Six hundred and ninety-four elderly patients with symptoms of depression and cognitive decline entered an international, multi-centre, double blind trial in which they were randomly allocated to treatment with either moclobemide 400 mg daily or placebo for 42 days. Five hundred and eleven patients met DSM–III criteria for dementia and were also depressed (DEM+D); 183 did not meet DSM–III criteria for dementia but met the criteria for DSM–III major depressive episode and also suffered from cognitive decline (MDE+CD).

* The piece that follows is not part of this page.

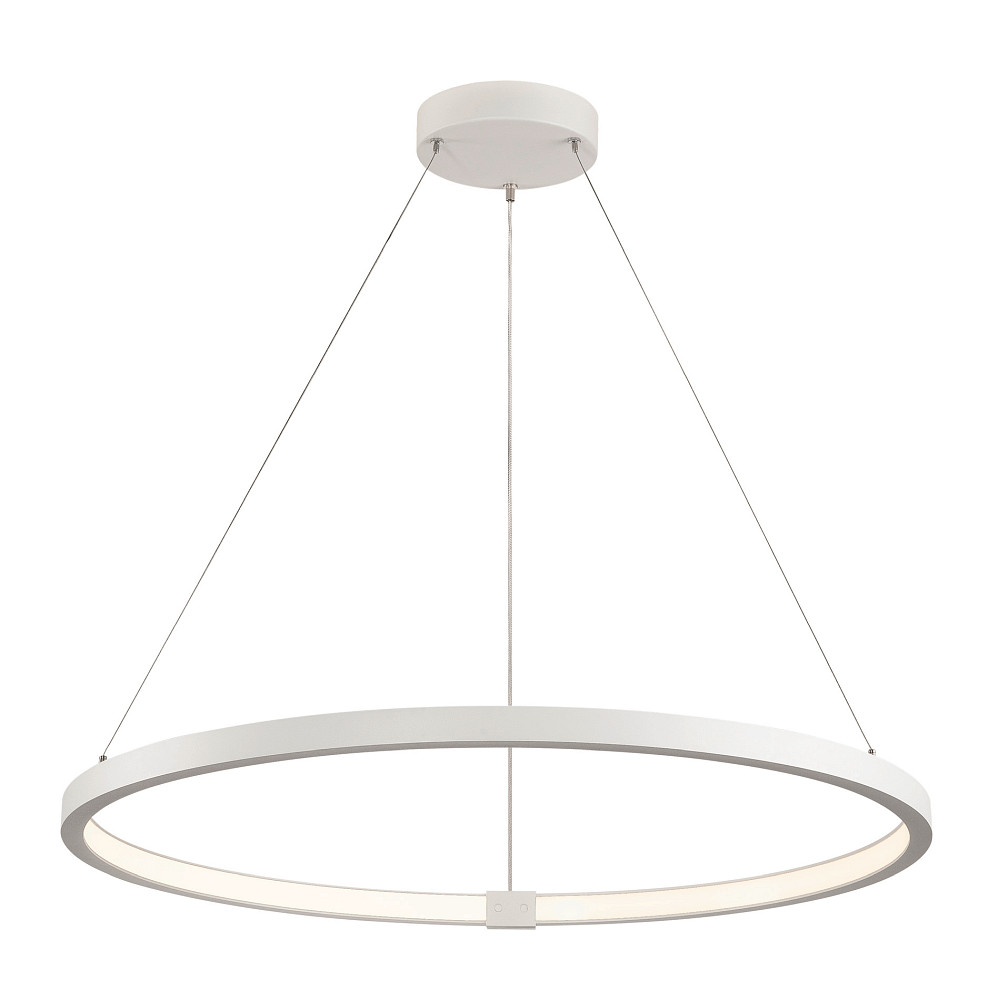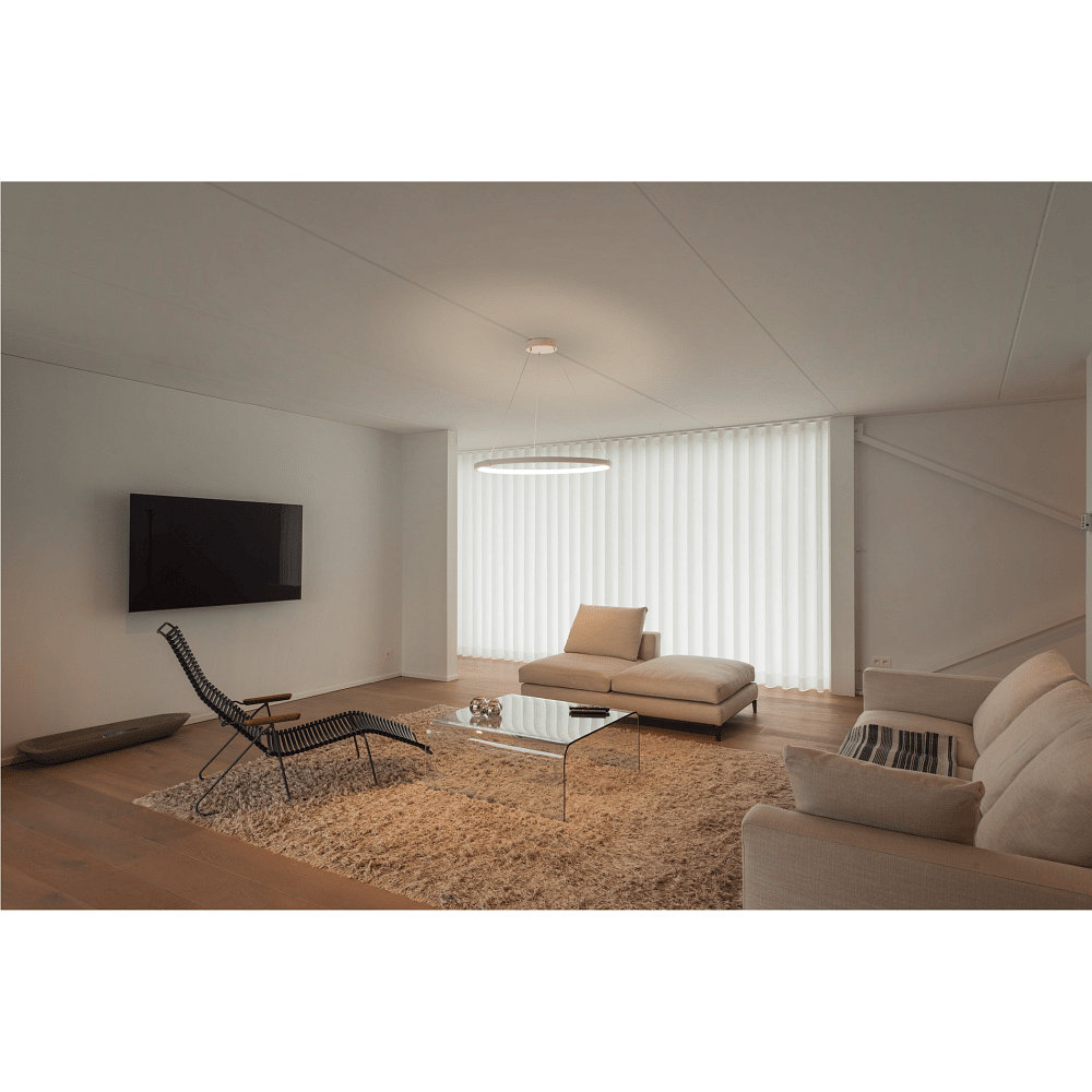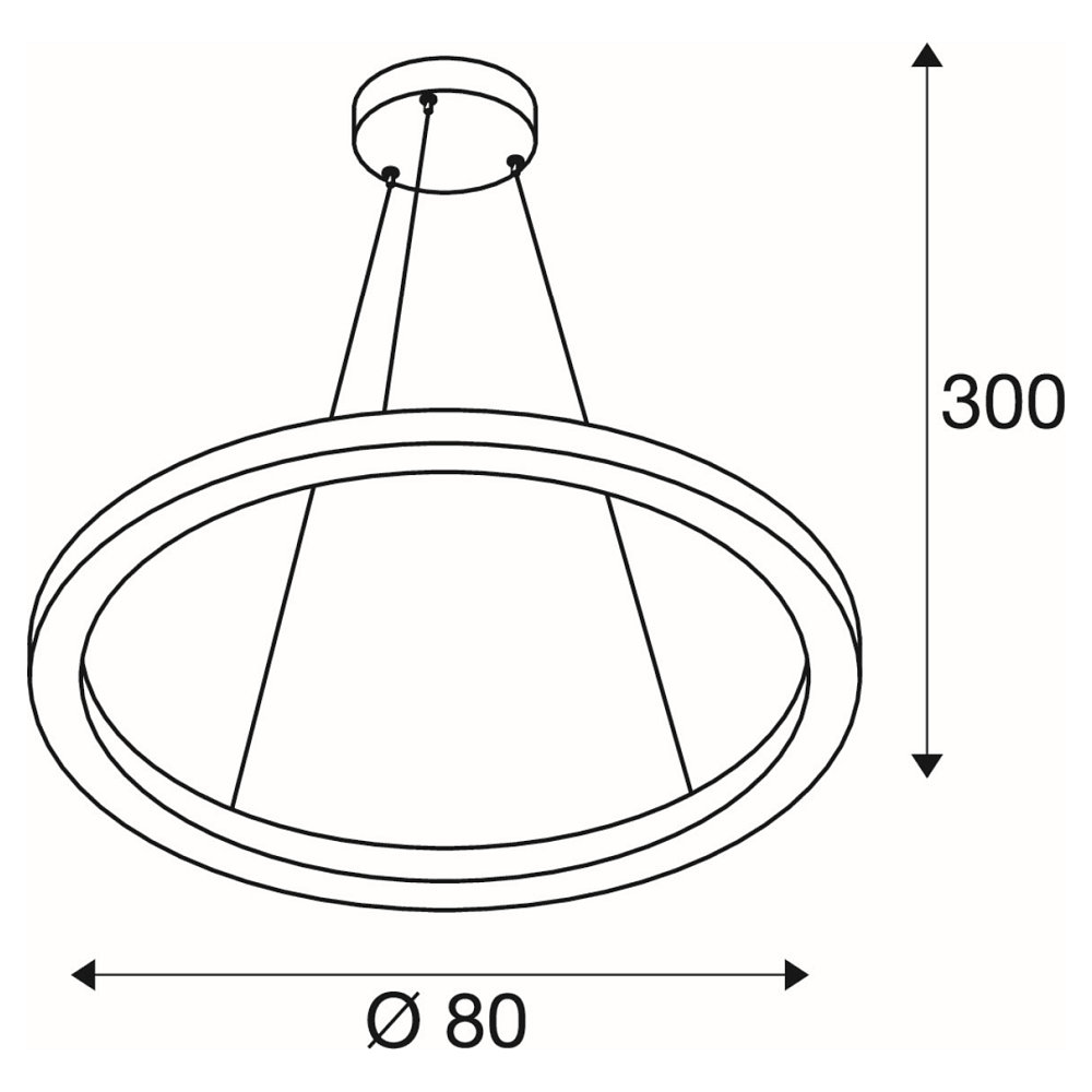 De hanglamp heeft een diameter van 80cm en een hoogte van 3cm, terwijl de basis een diameter heeft van 18cm en een hoogte van 4cm. Het heeft een energieklasse E en een kleurtemperatuur van 3000/4000K. De LED hanglamp ONE 80 DALI heeft een IP20-beschermingsklasse en is geschikt voor plafondmontage in binnenruimtes.

Analysis of the 17 and 24-item Hamilton Depression Scale scores showed that moclobemide, compared with placebo, produced significantly greater improvement in both the demented and depressed groups (P = 0.001 both diagnostic groups). There was an improvement in cognitive function as measured by the SCAG Factor 1 in moclobemide treated patients (P = 0.005 DEM+D; P = 0.02 MDE+CD). There was no evidence of decline in cognitive function as the result of treatment Clinical global assessment of tolerance was ‘excellent’ and ‘good’ in 88% of the moclobemide and in 92% of the placebo treated patients. The proportion of patients discontinuing treatment prematurely was similar in both treatment groups. There were no significant differences in side-effects between treatment groups. There were no significant changes in vital signs, ECG or laboratory findings in either treatment group. There were no dietary restrictions and no report of any tyramine reaction.
Moclobemide was shown to be a safe, well tolerated and effective antidepressant, which did not cause impairment of cognitive function in elderly patients with a DSM–III diagnosis of dementia and/or DSM–III major depression.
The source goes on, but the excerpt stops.